The Canada housing market has reached new heights since the beginning of the COVID-19 pandemic. Policymakers are now looking for solutions, as affordability has grown into a major issue. The market has gorged on historically low interest rates, lack of supply, and surging demand that has only heightened over the past decade. However, the Bank of Canada has now telegraphed that it aims to raise interest rates in the months ahead. Could this threaten the health of the Canada housing market in 2021 and beyond?
Should Canadians be worried about higher interest rates?
Canadian policymakers have been hammered for their supposed inaction in the face of rising housing prices. However, frothy housing markets are present across the developed world. The same loose monetary policies have led to familiar conditions in European housing markets like Germany and England. Australia and New Zealand also possess some of the least-affordable housing on the planet.
Housing is not the only market that has been propped up by historically low interest rates. Indeed, the stock market has thrived in this friendly climate. A return to “normalcy” on the interest rate front will pose a major challenge to a market and economy that has benefited from very accommodative central bank policy. If central banks stick to their guns on interest rate hikes, investors need to be prepared for serious turbulence.
What housing stocks will suffer in this environment?
Alternative lenders like Home Capital (TSX:HCG) and Equitable Group (TSX:EQB) have benefited from the Canada housing bull market.
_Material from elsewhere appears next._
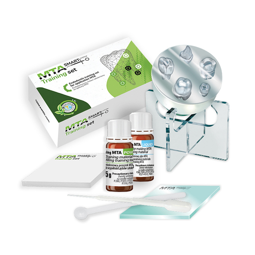 Pakkaus sisältää: Training MTA jauhe 5 g, Training MTA neste 3 ml, Harjoittelu hampaat 5 kpl ja telineen, sekoituslehtiön, pipetin nesteen annosteluun ja mittalusikan jauheelle.

Shares of Home Capital have climbed 40% in 2021 as of mid-afternoon trading on November 10. The stock is up 61% from the prior year. Meanwhile, Equitable Group has increased 52% in the year-to-date period. Will these stocks be worth owning if interest rates start rising?
Back in March, I’d discussed why policy intervention was the only thing that could torpedo the Canada housing market. For now, Home Capital and Equitable Group are still stocks worth holding onto. Home Capital will have unveiled its next batch of results by the time this article is published. Meanwhile, Equitable Group delivered its Q3 2021 earnings on November 2.
Assets under management (AUM) at Equitable Group reached a record $40.2 billion. Meanwhile, reverse mortgage assets soared 259% from the same period last year. This stock possesses a very favourable price-to-earnings (P/E) ratio of 9.8. It is still posting strong earnings in this favourable environment. Investors should not shy away from either alternative lender just yet.
Here’s a housing stock I’m stashing in late 2021
Atrium Mortgage (TSX:AI) was one of the Canada housing stocks I’d recommended for investors last month. The Toronto-based company provides financing solutions to real estate communities across Canada. Atrium could suffer from the knock-on effects of higher interest rates in the months ahead. However, I’m still bullish on the stock in the near term.
In Q3 2021, the company saw its mortgage portfolio rise 2.7% year over year to $765 million. Meanwhile, net income climbed 11% to $10.6 million. Shares of this housing stock last had an attractive P/E ratio of 15. Better yet, it offers a monthly dividend of $0.075 per share. That represents a tasty 6.1% yield.